We propose a regularization based approach for efficient, case-adaptive classification in computer-aided diagnosis (CAD) of breast cancer. The goal is to boost the classification accuracy on a query case by making use of a set of similar cases retrieved from an existing library of known cases. In the proposed approach, a regularization scheme in the form a prior derived from an existing baseline classifier is used for the adaptive classifier, which can reduce the extra computational burden associated with adaption of the classifier for a query case.

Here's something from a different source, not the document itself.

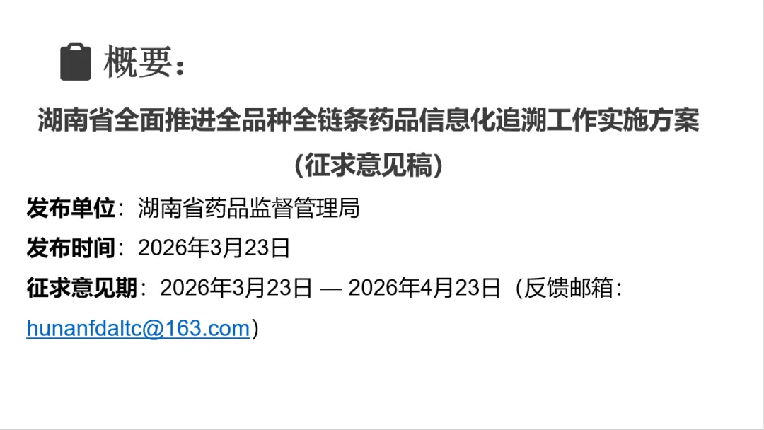 近日,湖南省药监局下发《湖南省全面推进全品种全链条药品信息化追溯工作实施方案(征求意见稿)》,本文依据征求意见整理,供大家学习参考,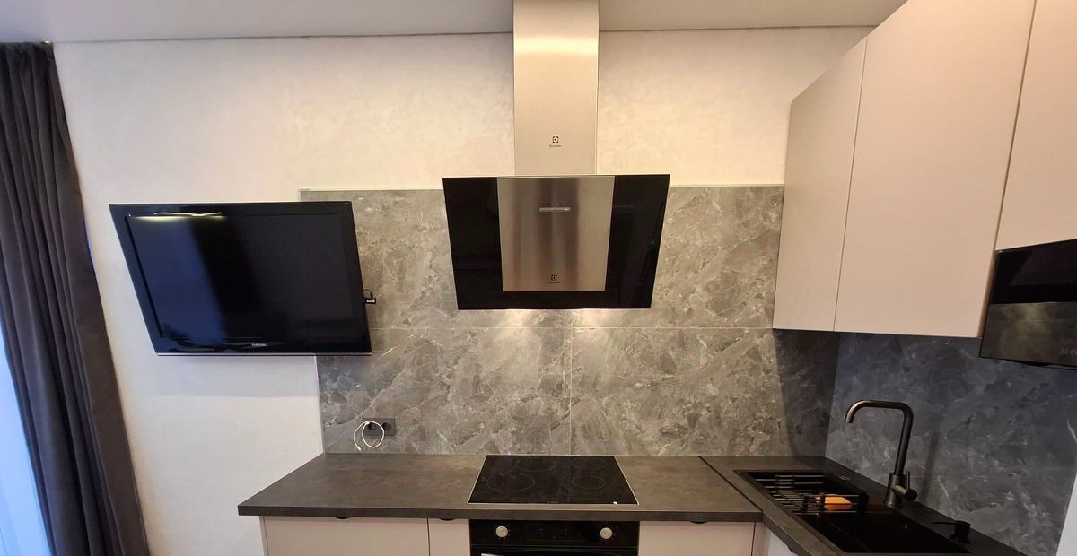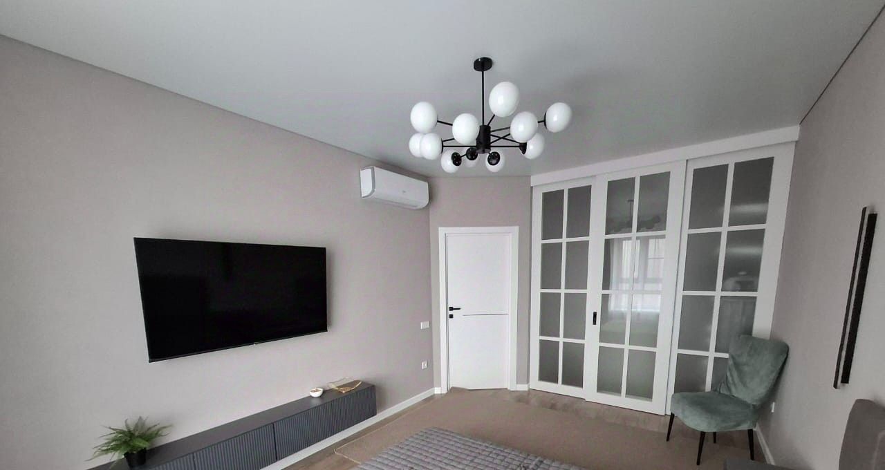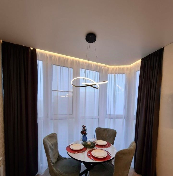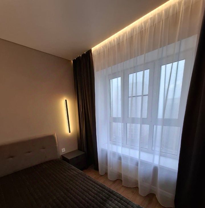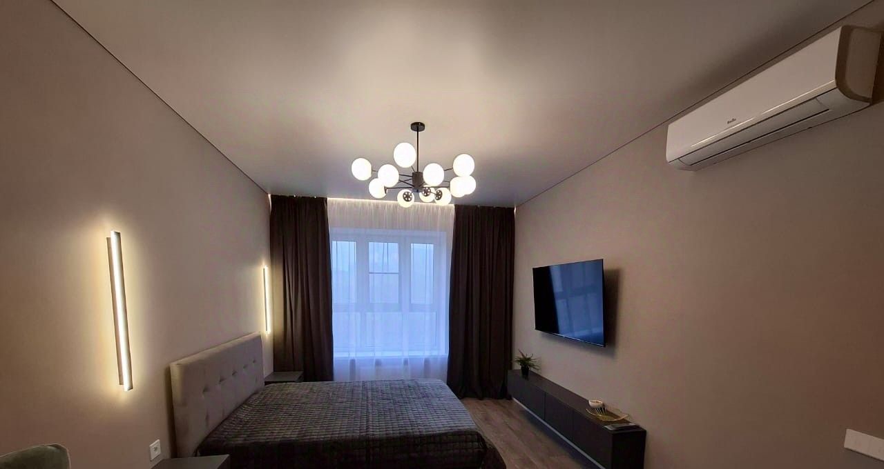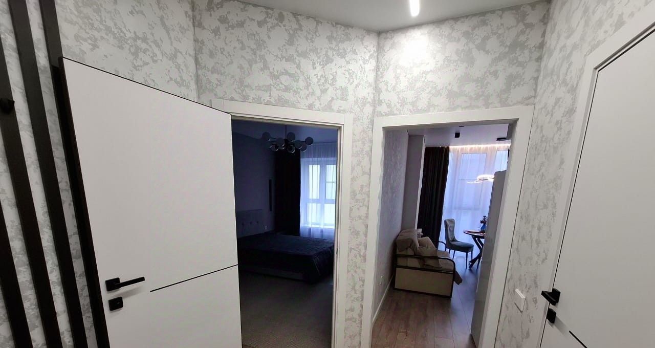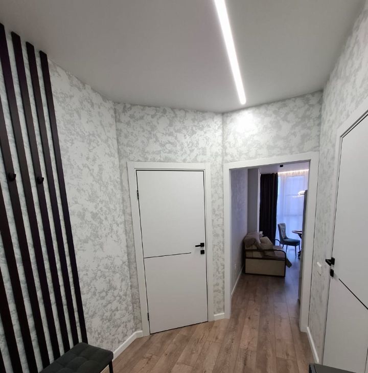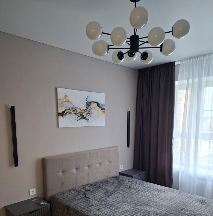 Готова к сдаче однокомнатная квартира с дизайнерским ремонтом, просторная и уютная. В квартире есть всё для комфортного проживания. Оснащена мебелью и техникой, встроенная просторная гардеробная, санузел с тёплым полом и стеной. Из витражного окна открывается красивый вид на улицу.

We consider two different forms for the regularization prior. In the experiments the proposed approach is demonstrated on a data set of 1,006 clinical cases. The results show that it could achieve improvements in both numerical efficiency and classification performance.
基于图像检索的聚类微钙化正则化自适应分类
我们提出了一种基于正则化的方法,用于乳腺癌计算机辅助诊断(CAD)的高效、病例适应分类。目标是通过使用从现有已知案例库中检索到的一组类似案例来提高查询案例的分类准确性。在本文提出的方法中,自适应分类器使用了从现有基线分类器派生的先验形式的正则化方案,这可以减少与查询情况下自适应分类器相关的额外计算负担。我们考虑了正则化先验的两种不同形式。在实验中,该方法在1006个临床病例的数据集上得到了验证。结果表明,该方法在数值效率和分类性能上均有提高。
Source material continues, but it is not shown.